Episode 9 – Health Claims > Conversation with Ian Frazer > Conversation with Ian Frazer

  • Do you have any thoughts about what drives people who don’t want to vaccinate their children?
  • Well, one very simple consideration is that if we don’t have any polio in this country—we
  • don’t in Australia; we haven’t had polio in this country for many years—then why should
  • my child have a vaccine to protect them against a disease which doesn’t exist in this country?
  • After all, the vaccine has a very slight risk associated with it, and there is no risk of
  • the disease. What people of course forget is that their children, when they grow up,
  • are likely to go off to parts of the world where the infection still does exist, and
  • it’s a bit late to get the vaccine after you’ve already got the infection. That’s one reason.
  • It’s this, “Well, it’s not really a problem anymore.”
  • In the old days, people used to rush to get vaccines. The polio vaccine was fought for
  • when it first became available in the 1950s in the United States because there was an
  • epidemic of polio every second year. People died. People became paralyzed. Everybody knew
  • what polio was. Now the next generation of mothers and fathers don’t actually see polio
  • anymore, so they don’t see a risk.
  • Sure.
  • There’s a second group that say, “Okay, well, if everybody else is vaccinated, I don’t need
  • to get my kid vaccinated.” Of course, that’s quite correct because if there’s no way of
  • the infection spreading—for example, if everybody is vaccinated against measles except
  • me, I’m fine—but what they forget is that if only 99 out of every 100 people are vaccinated
  • against measles, that’s still enough to allow an epidemic to occur because every one person
  • that gets infected will infect potentially a hundred others. If 99 are protected, they
  • won’t get it, but the other one will and will pass the infection on, so all the people who are not immunized will be at risk.
  • Right.
  • That’s the second reason, which is not a particularly good one, but you can understand why people
  • think that, especially for infections which are not as infectious as measles. Measles
  • is incredibly infectious, but most infections are not that infectious.

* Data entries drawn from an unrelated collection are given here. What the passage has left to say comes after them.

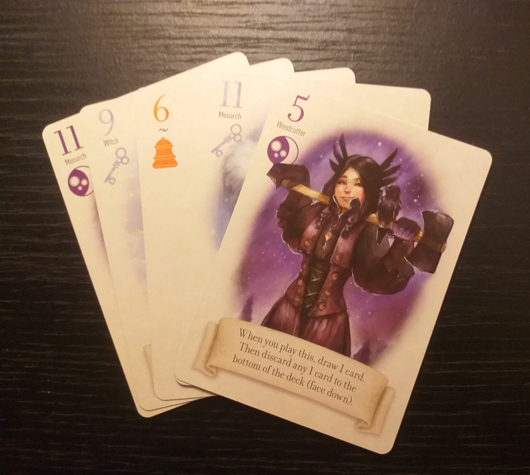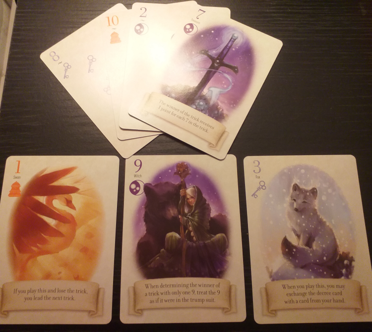 The Fox in the Forest features three suits that fit its fairy-tale theme – moons, bells, and keys. The artwork is gorgeously realised, especially for the odd-numbered character cards which allow you to use special powers. These, if played at the right time, can alter the course of the game. They allow you to swap cards, change who goes first, alter which suit is trumps, and other useful abilities. The names of the character cards – the swan, the fox, the witch, the treasure, the woodcutter, and the monarch – hint at mystery and magic with beautiful illustrations.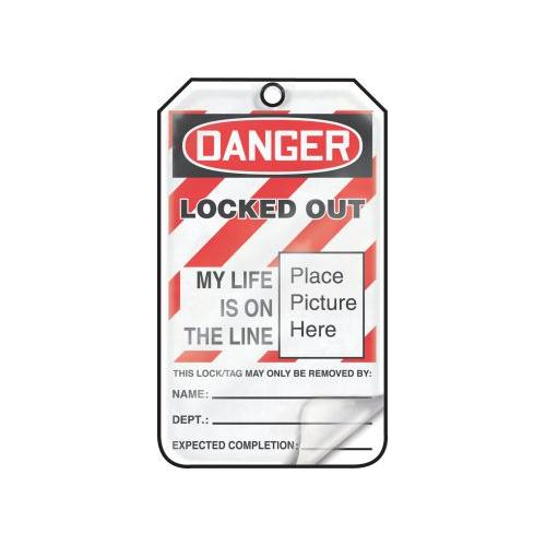 Accuform, MLT609LCM, OSHA Danger Self-Laminating Safety Tag "Locked Out" Self-Laminating PF-Cardstock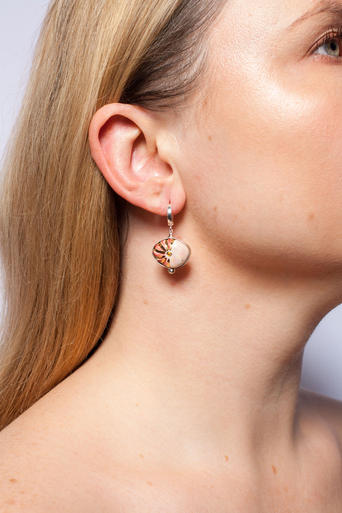 Handmade in white clay pottery. Triple fired in the kiln, decorated with a shimmering gold luster finish. Comfortable English silver clasps, a feeling of ease for everyday adornment.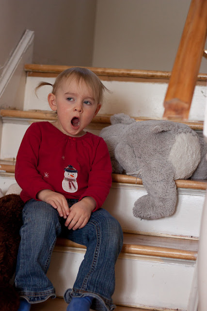 After naptime, Katelyn often comes down the stairs with whatever toys she was sleeping with.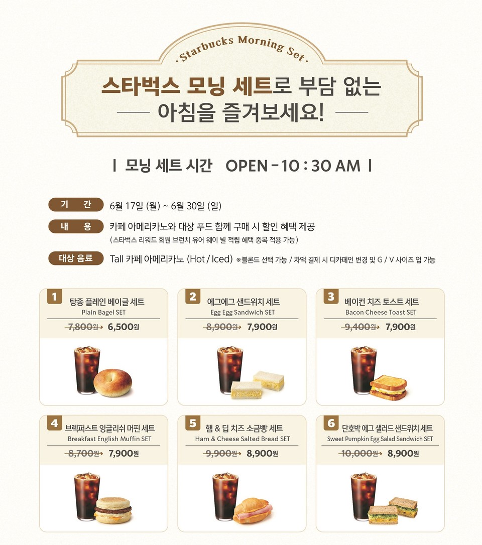 스타벅스 메뉴에 모닝세트가 생겼다.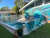 We inherited this property from my dear friend and business partner, John Lach, who passed away in 2015. We could have sold it, but knew it would probably be torn down and another huge party house would go up instead. My partner Olga and I knew what a great little resort it would make, and tried to keep as much of its 1962 charm as possible, like refinishing the terrazzo floors. We put in all new stainless steel appliances & replaced the tubs with low curb showers to get in and out of easier. I really would love to live here myself!

  • The third reason why people think that is that they’ve listened to somebody who’s had
  • supposedly an adverse reaction to the vaccine. They’re persuaded by their neighbors saying,
  • “When my kid got it, then he had convulsions afterwards.” No, that’s a rare complication
  • of measles vaccine, for example. Quite often, the febrile convulsions turn out to be occurring
  • with or without the vaccine, but the story gets around: Mrs. Smith’s daughter got into
  • real trouble after vaccination, and wouldn’t it be better just not to be vaccinated?
  • Right.
  • Those people are persuaded very rapidly when an epidemic of the infection occurs—for
  • example, the whooping cough epidemics we’ve had recently—that their kids should really
  • ought to be vaccinated, but it takes the infection to do it.
  • Then there’s a small group of people who basically just have a set of disbeliefs about how the
  • world works. They don’t believe in the infectious nature of disease, for example. They have
  • an animistic approach to why people get disease. It’s punishment from God or it’s against my
  • religion or whatever. They just have these fixed beliefs, and, by and large, they stay fixed.

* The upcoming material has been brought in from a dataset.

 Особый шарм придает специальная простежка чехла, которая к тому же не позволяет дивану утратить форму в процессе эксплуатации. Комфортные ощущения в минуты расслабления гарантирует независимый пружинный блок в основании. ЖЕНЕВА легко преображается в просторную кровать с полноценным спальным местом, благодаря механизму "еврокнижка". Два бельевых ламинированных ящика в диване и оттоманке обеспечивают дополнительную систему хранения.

  • Yes. You’ve mentioned that one of the reasons that people tend not to immunize their children
  • is, like you said, there isn’t polio in the country. If there was, well, obviously, people
  • would be flocking to be vaccinated. Can you paint a picture as to what some of these things
  • look like—polio and measles and so on—for people who aren’t inclined?
  • Yes, measles is, in most people’s minds, dismissed as just a spotty skin disease. For many people
  • who get measles, that’s all it is, but 1 in 1,000 will get a serious internal complication
  • and 1 in 100,000 will be left with major brain damage as a result of measles infection, so
  • that measles, if you’re the unlucky one, is not a trivial disease. In fact, more people
  • die worldwide of measles than of any other infection apart from diarrheal disease. It’s
  • quite a significant problem, particularly for young kids. Indeed, that’s why we push
  • to get kids vaccinated as early as possible in the developing world because the risk of
  • measles killing you is greatest when you’re between the ages of zero and two.

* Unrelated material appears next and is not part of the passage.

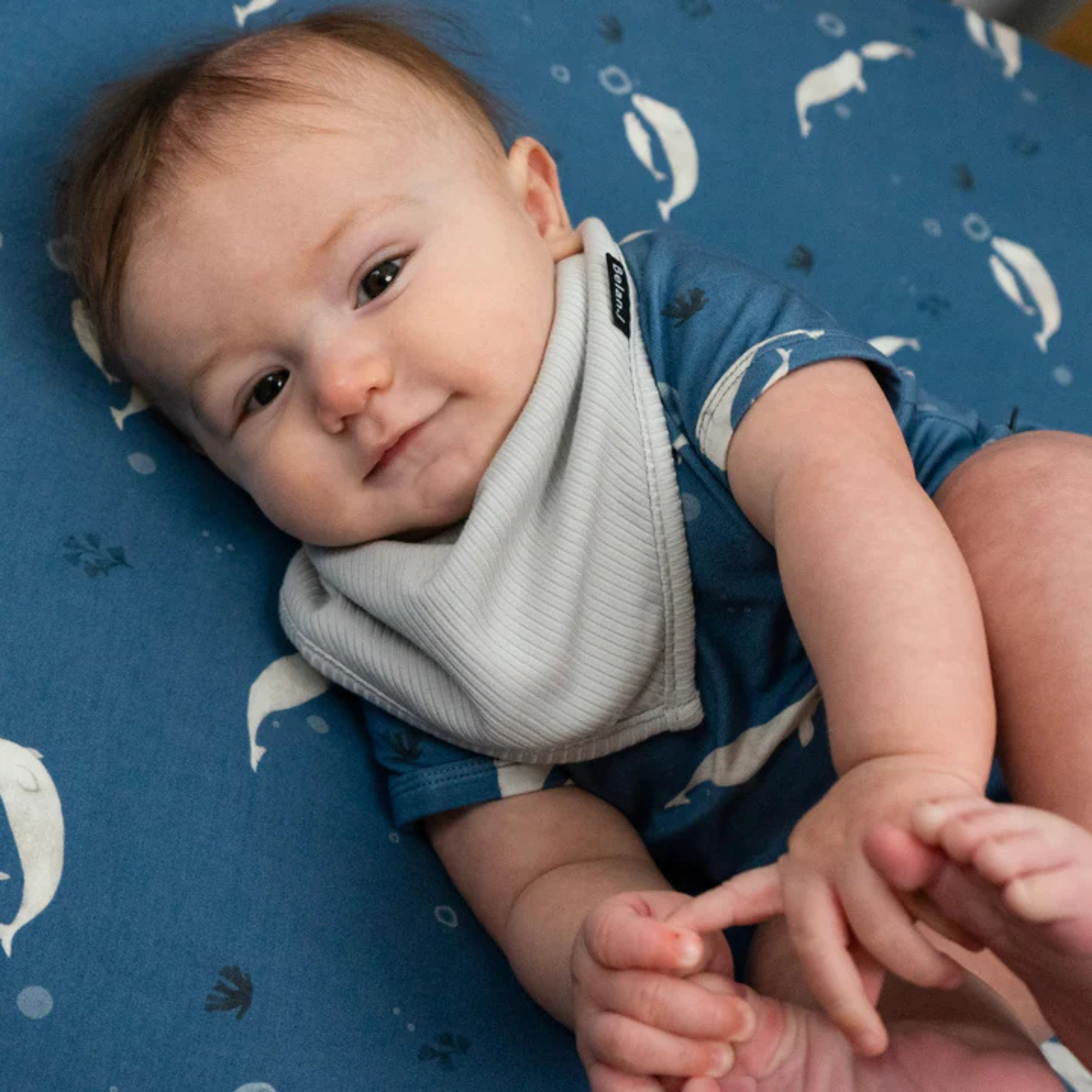 Keep your baby dry and comfortable with BELAN J Ribbed Bandana Bib - Silver Cloud ! Shop now at Kido Bébé.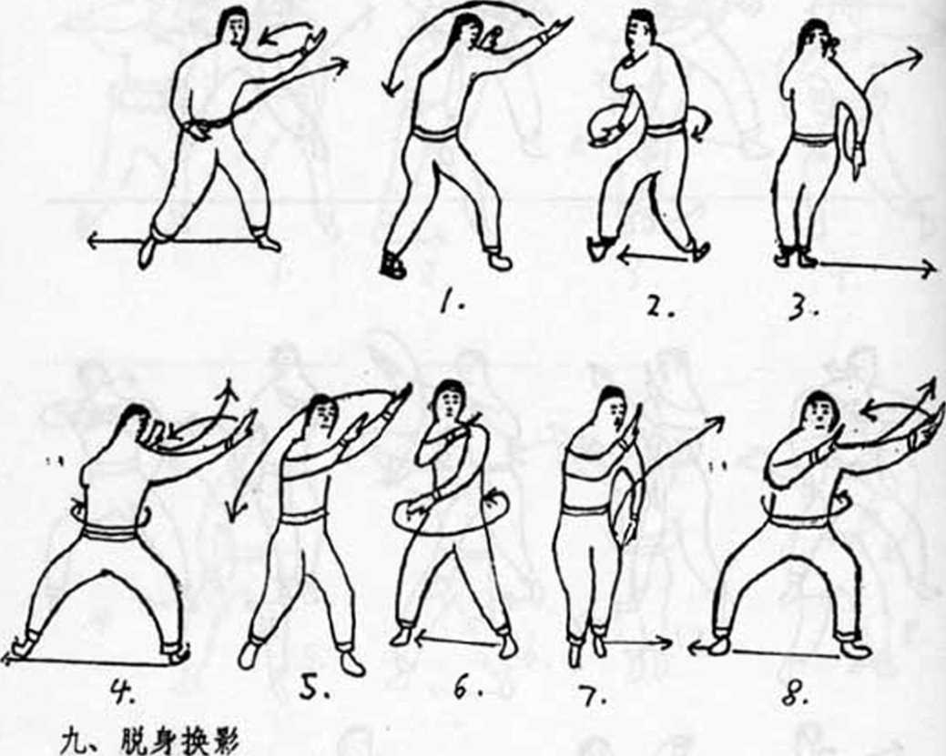 脱身换影是由进步托云,彷才亮旬,埃翅斜飞诧塔完成左右式的分解动作共分为八个节拍未完成。详见图解。

  • Polio, well, for 99 people out of 100, polio is a diarrheal illness which goes away after
  • a couple of days, but for 1 in 100 people, it leads to paralysis maybe of a leg or an
  • arm. If you’re really unlucky, it paralyses your vocal muscles and of course the paralysis
  • is permanent because the nerves that work these muscles are destroyed by the virus.
  • That’s why people used to end up on respirators for the whole of their lives because they
  • were basically left unable to breathe for themselves.
  • Another vaccine that I’ve been involved with of course is the vaccine for cervical cancer.
  • Again, the virus that causes the cancer for 98 people out of 100, it’s a trivial infection;
  • they never know they’ve had it, but for the 2 percent of people who get persisting infection,
  • they can go on and get a cancer which will kill them. If it’s not detected early enough,
  • it’s a lethal infection. In fact, papillomavirus kills more people worldwide. Quarter of a
  • million people worldwide die every year as a result of papillomavirus infection. That’s
  • a very significant burden. It’s the ninth commonest cause of infectious disease death.
  • Wow. One of the issues that we’re dealing with in the course is the idea of cancer clusters.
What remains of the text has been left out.